* _TASK INSTRUCTIONS_
In this exercise, the entries below include pictures. Repeat exactly the lines from the line with "CERTIFICATE, MARKED GOLD" to the line with "Maintenant que l'on", including both, but without the pictures.

* _THE DATA_
* * * * * * *
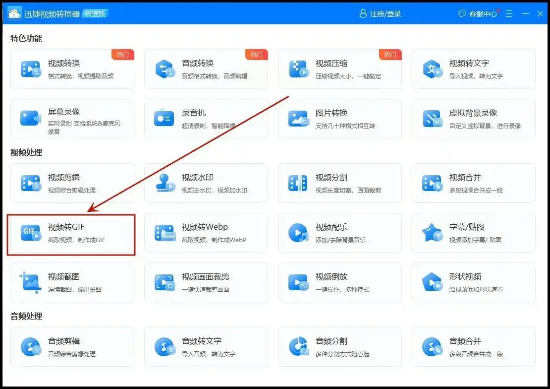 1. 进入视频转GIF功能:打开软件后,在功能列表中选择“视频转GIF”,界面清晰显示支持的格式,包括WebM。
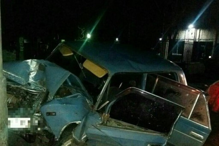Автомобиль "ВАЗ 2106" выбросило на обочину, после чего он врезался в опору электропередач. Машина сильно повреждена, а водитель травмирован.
* * * * * * *
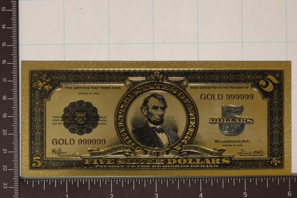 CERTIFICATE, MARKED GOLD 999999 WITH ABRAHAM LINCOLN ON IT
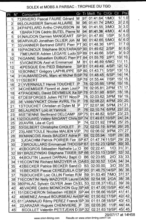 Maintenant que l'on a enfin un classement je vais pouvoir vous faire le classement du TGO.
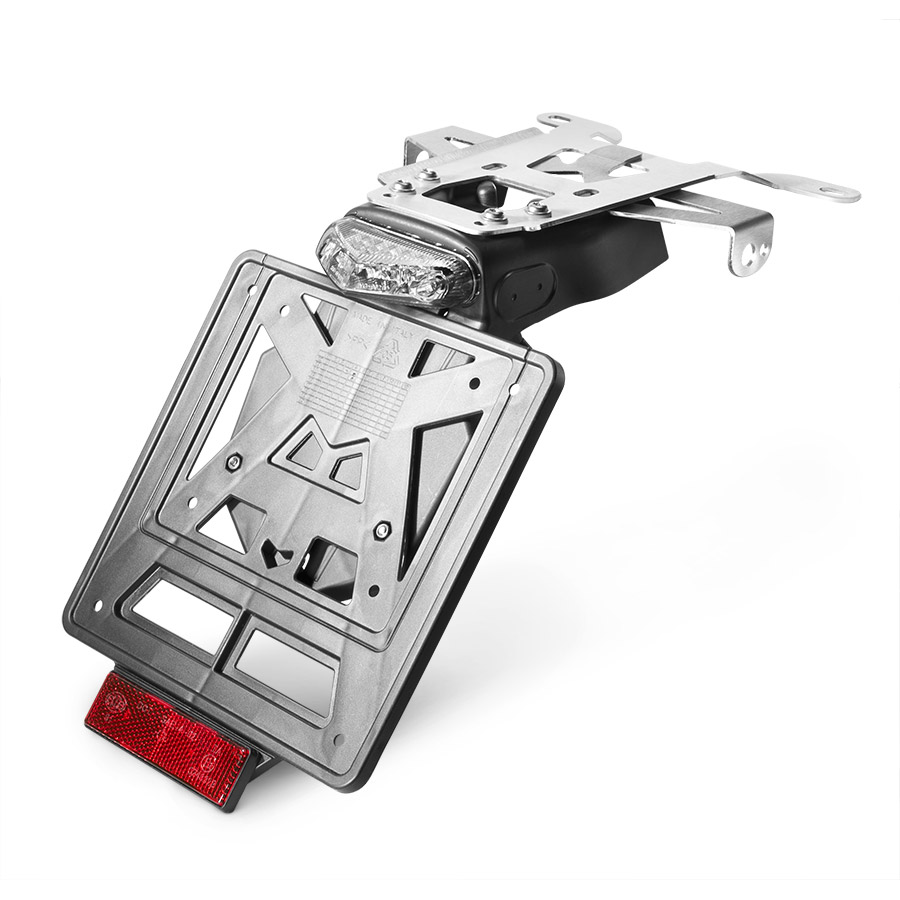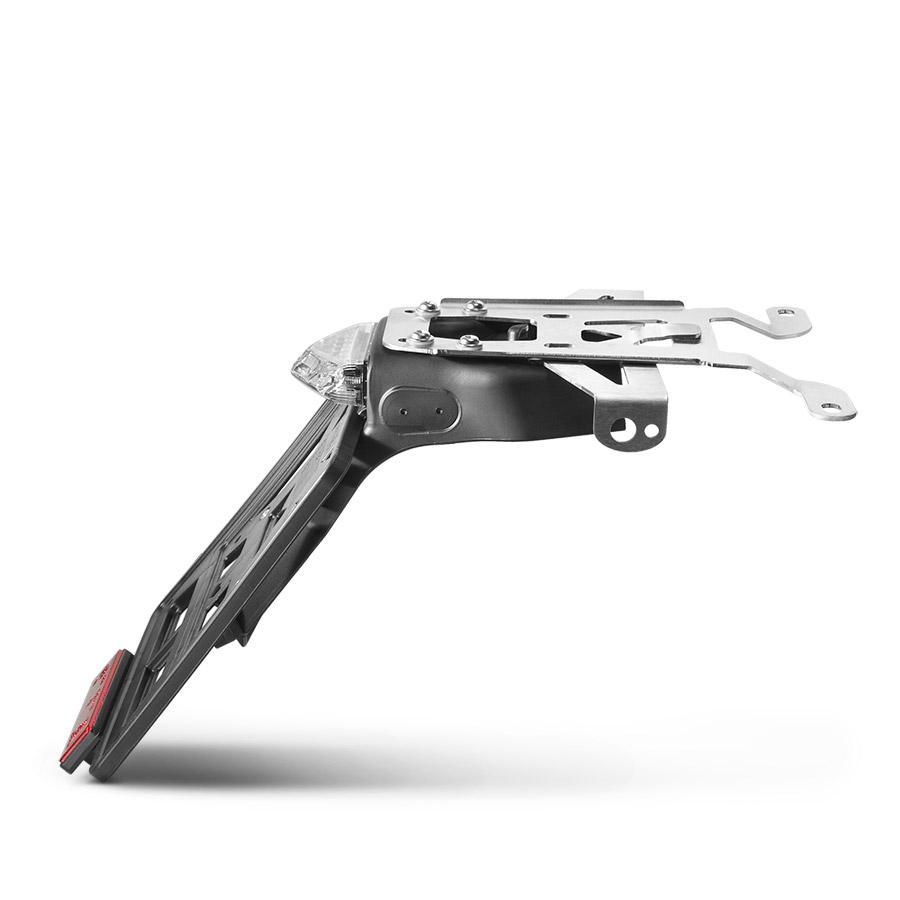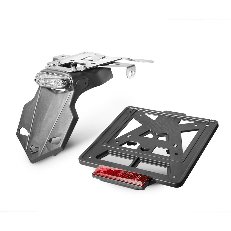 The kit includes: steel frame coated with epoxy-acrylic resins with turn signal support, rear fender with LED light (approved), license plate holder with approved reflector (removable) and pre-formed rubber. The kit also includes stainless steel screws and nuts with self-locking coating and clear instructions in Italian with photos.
* * * * * * *
* _EXPECTED ANSWER_
 CERTIFICATE, MARKED GOLD 999999 WITH ABRAHAM LINCOLN ON IT
 Maintenant que l'on a enfin un classement je vais pouvoir vous faire le classement du TGO.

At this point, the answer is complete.